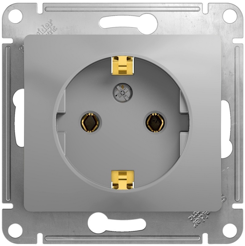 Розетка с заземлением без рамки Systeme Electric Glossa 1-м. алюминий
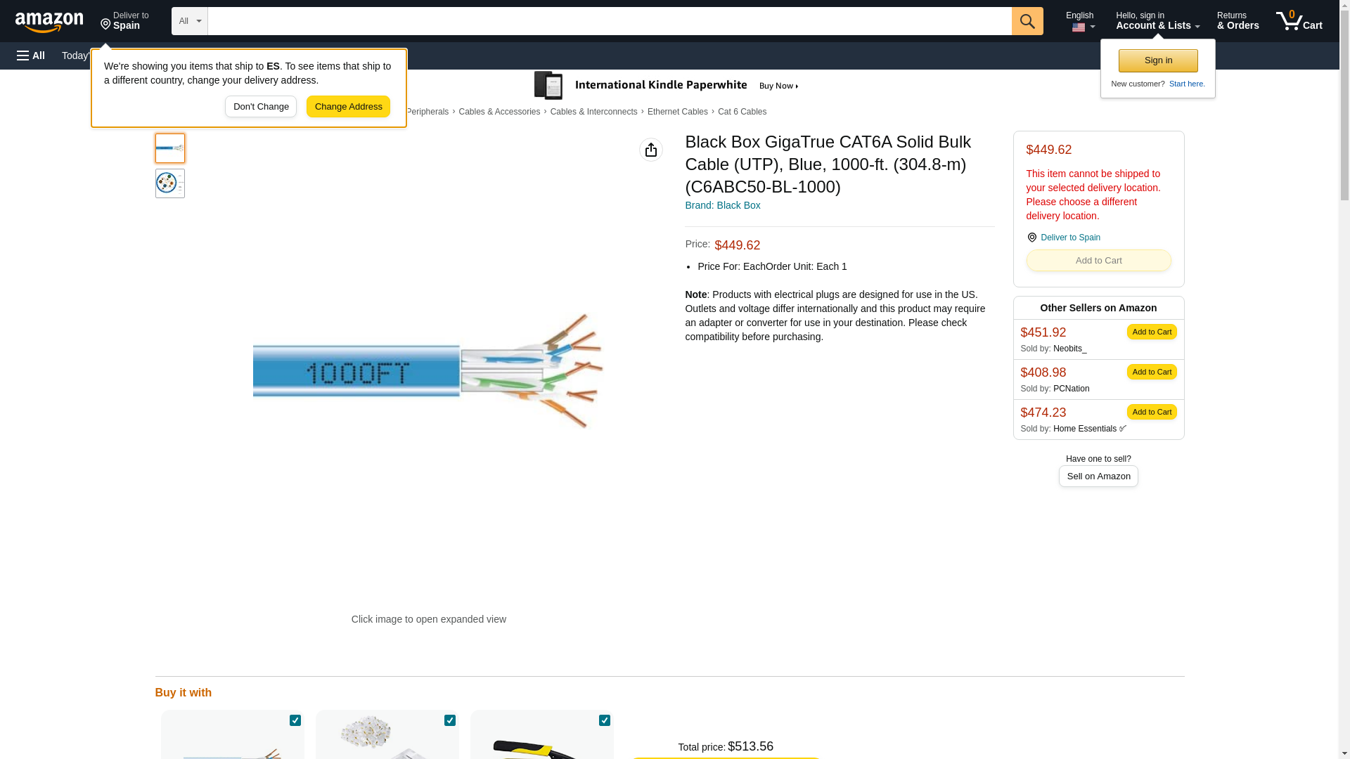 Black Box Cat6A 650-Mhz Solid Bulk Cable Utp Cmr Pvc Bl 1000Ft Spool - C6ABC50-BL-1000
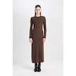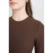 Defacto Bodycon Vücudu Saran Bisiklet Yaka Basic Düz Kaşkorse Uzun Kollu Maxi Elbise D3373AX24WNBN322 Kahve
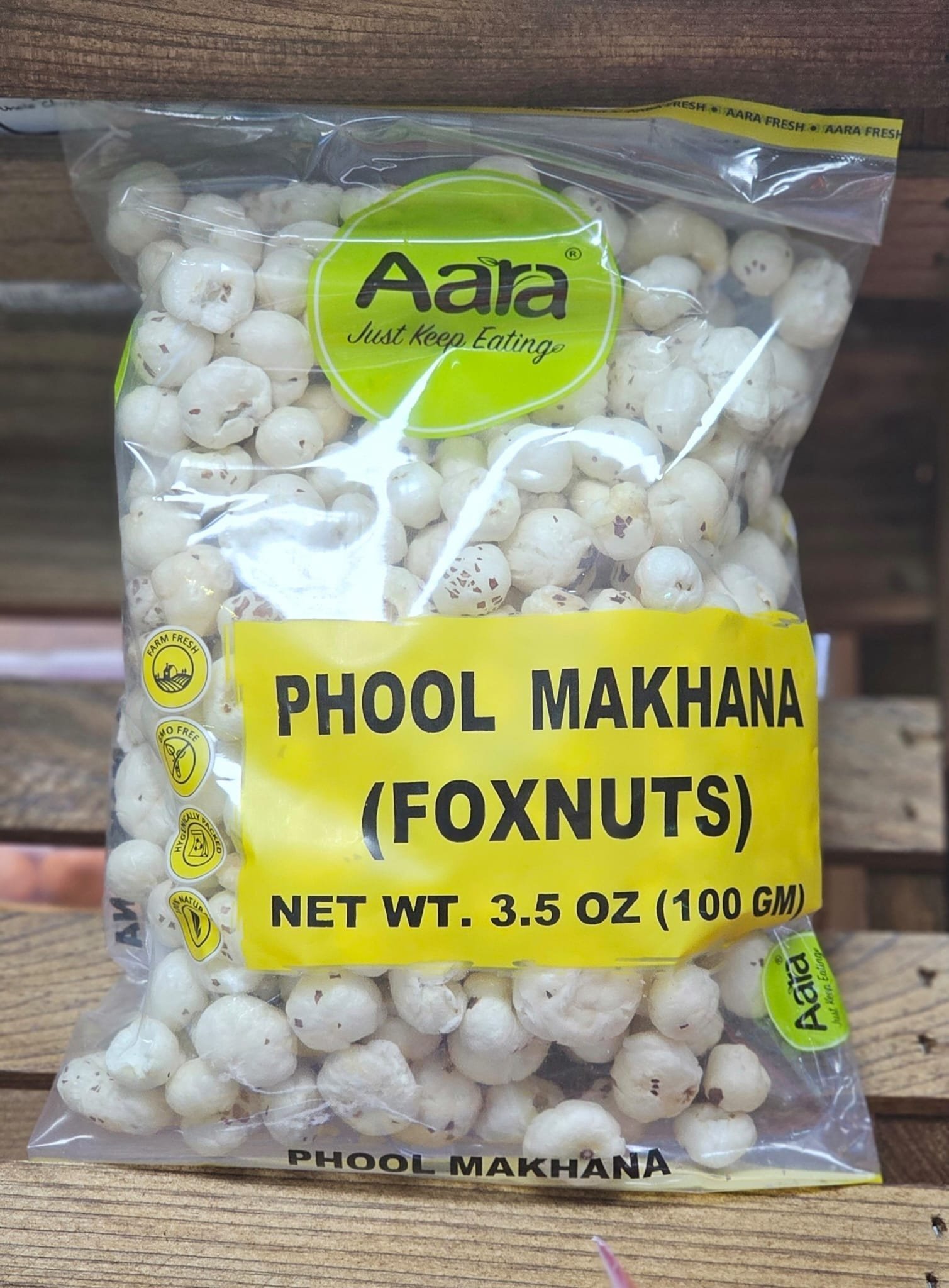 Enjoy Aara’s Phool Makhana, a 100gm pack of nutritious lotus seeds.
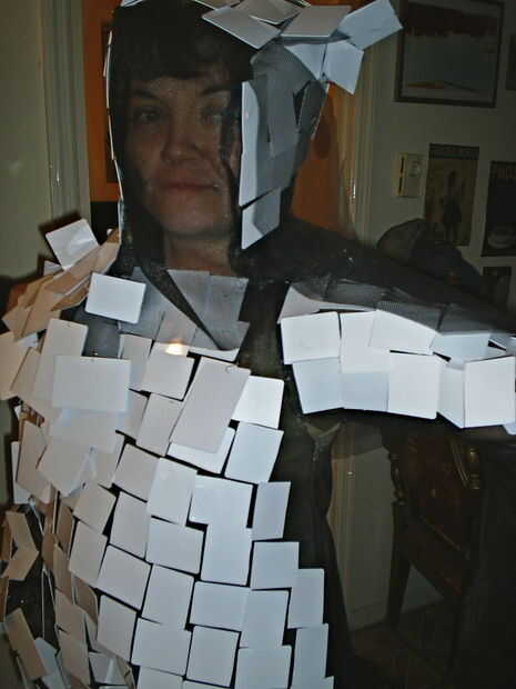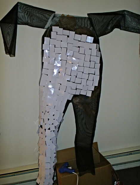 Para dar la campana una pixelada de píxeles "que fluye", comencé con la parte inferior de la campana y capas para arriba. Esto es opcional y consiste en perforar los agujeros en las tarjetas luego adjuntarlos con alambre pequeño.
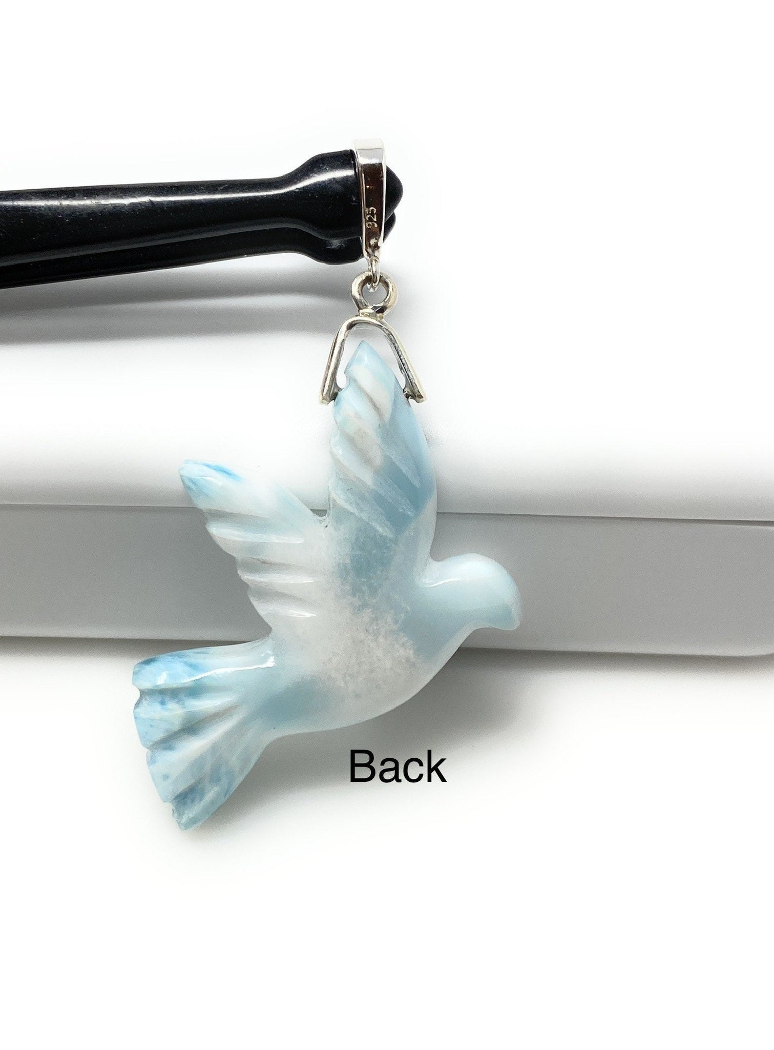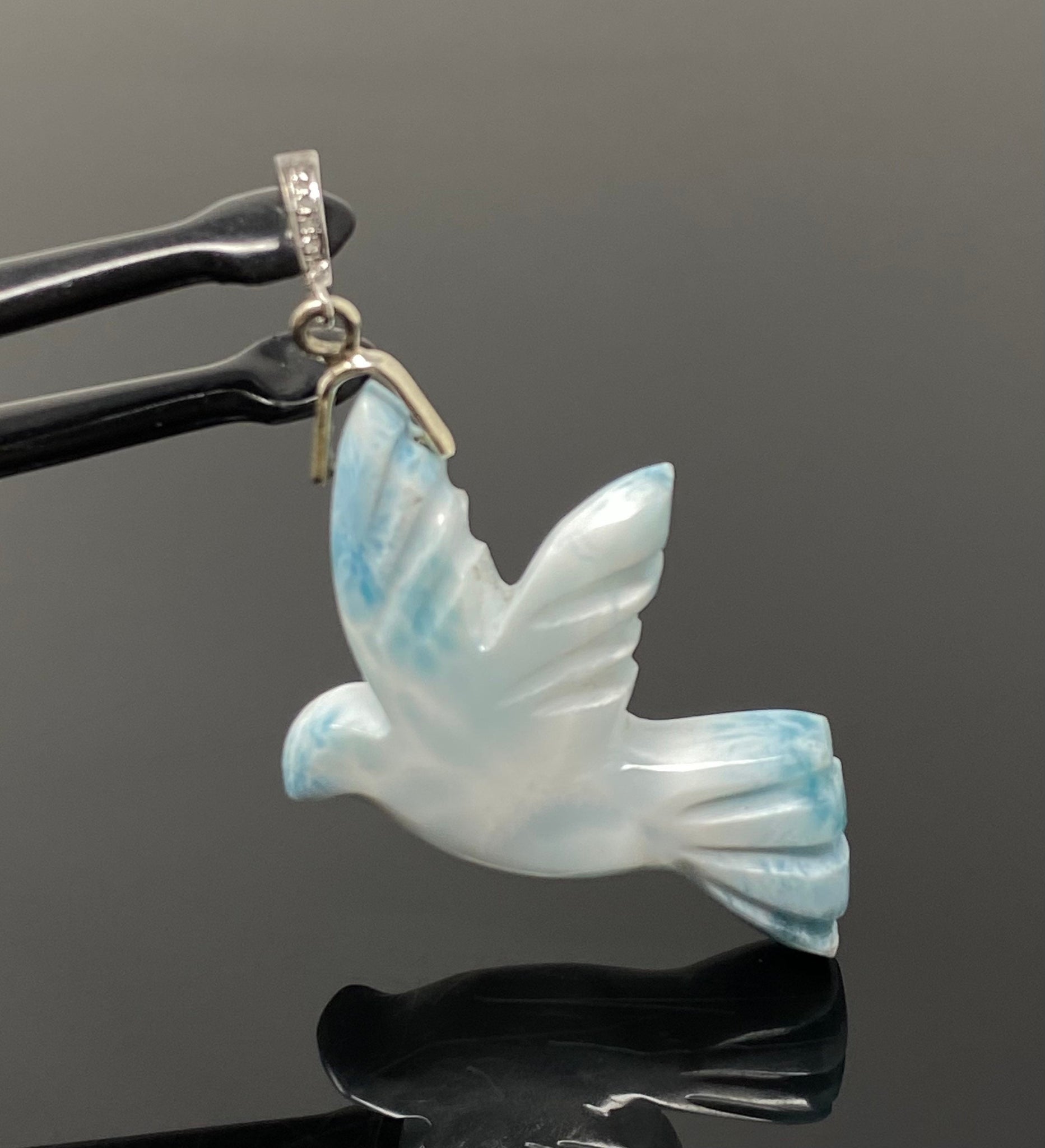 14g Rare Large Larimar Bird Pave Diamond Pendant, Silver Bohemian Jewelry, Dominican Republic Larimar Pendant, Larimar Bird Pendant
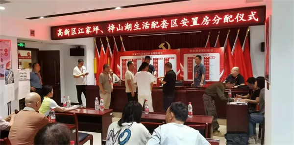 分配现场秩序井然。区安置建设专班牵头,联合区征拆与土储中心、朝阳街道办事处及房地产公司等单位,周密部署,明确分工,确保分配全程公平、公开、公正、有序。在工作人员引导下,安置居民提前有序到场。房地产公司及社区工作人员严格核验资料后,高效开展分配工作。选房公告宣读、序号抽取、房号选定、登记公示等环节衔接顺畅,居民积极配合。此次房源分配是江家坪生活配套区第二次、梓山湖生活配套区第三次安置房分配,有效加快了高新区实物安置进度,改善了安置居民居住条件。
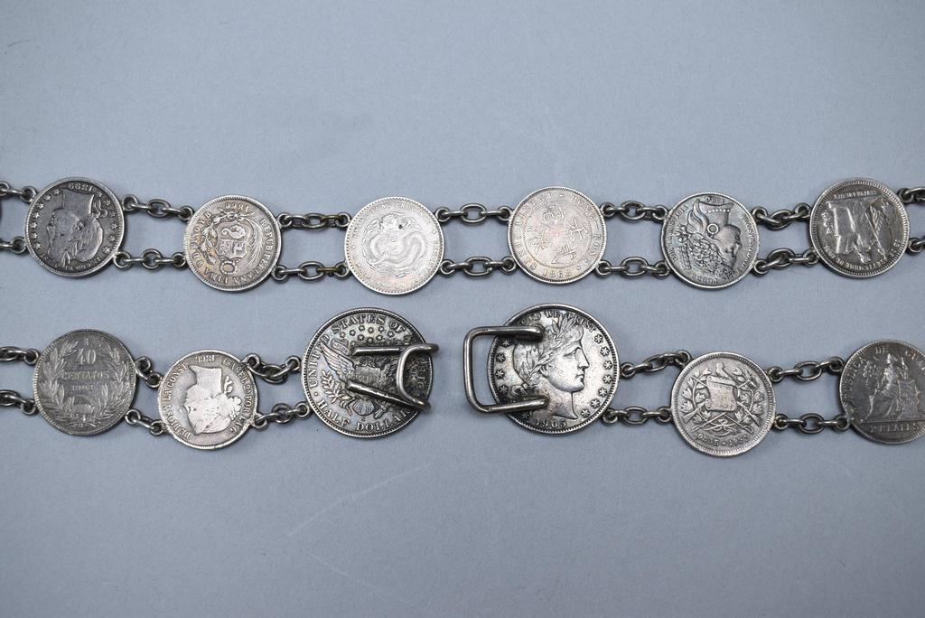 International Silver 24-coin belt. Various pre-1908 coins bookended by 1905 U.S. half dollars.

» Assignment: Exactly the lines from the one with "Enjoy Aara’s Phool" through the end of the records are to be repeated, both ends included, and pictures are to be omitted.

» Completed exercise:
 Enjoy Aara’s Phool Makhana, a 100gm pack of nutritious lotus seeds.
 Para dar la campana una pixelada de píxeles "que fluye", comencé con la parte inferior de la campana y capas para arriba. Esto es opcional y consiste en perforar los agujeros en las tarjetas luego adjuntarlos con alambre pequeño.
 14g Rare Large Larimar Bird Pave Diamond Pendant, Silver Bohemian Jewelry, Dominican Republic Larimar Pendant, Larimar Bird Pendant
 分配现场秩序井然。区安置建设专班牵头,联合区征拆与土储中心、朝阳街道办事处及房地产公司等单位,周密部署,明确分工,确保分配全程公平、公开、公正、有序。在工作人员引导下,安置居民提前有序到场。房地产公司及社区工作人员严格核验资料后,高效开展分配工作。选房公告宣读、序号抽取、房号选定、登记公示等环节衔接顺畅,居民积极配合。此次房源分配是江家坪生活配套区第二次、梓山湖生活配套区第三次安置房分配,有效加快了高新区实物安置进度,改善了安置居民居住条件。
 International Silver 24-coin belt. Various pre-1908 coins bookended by 1905 U.S. half dollars.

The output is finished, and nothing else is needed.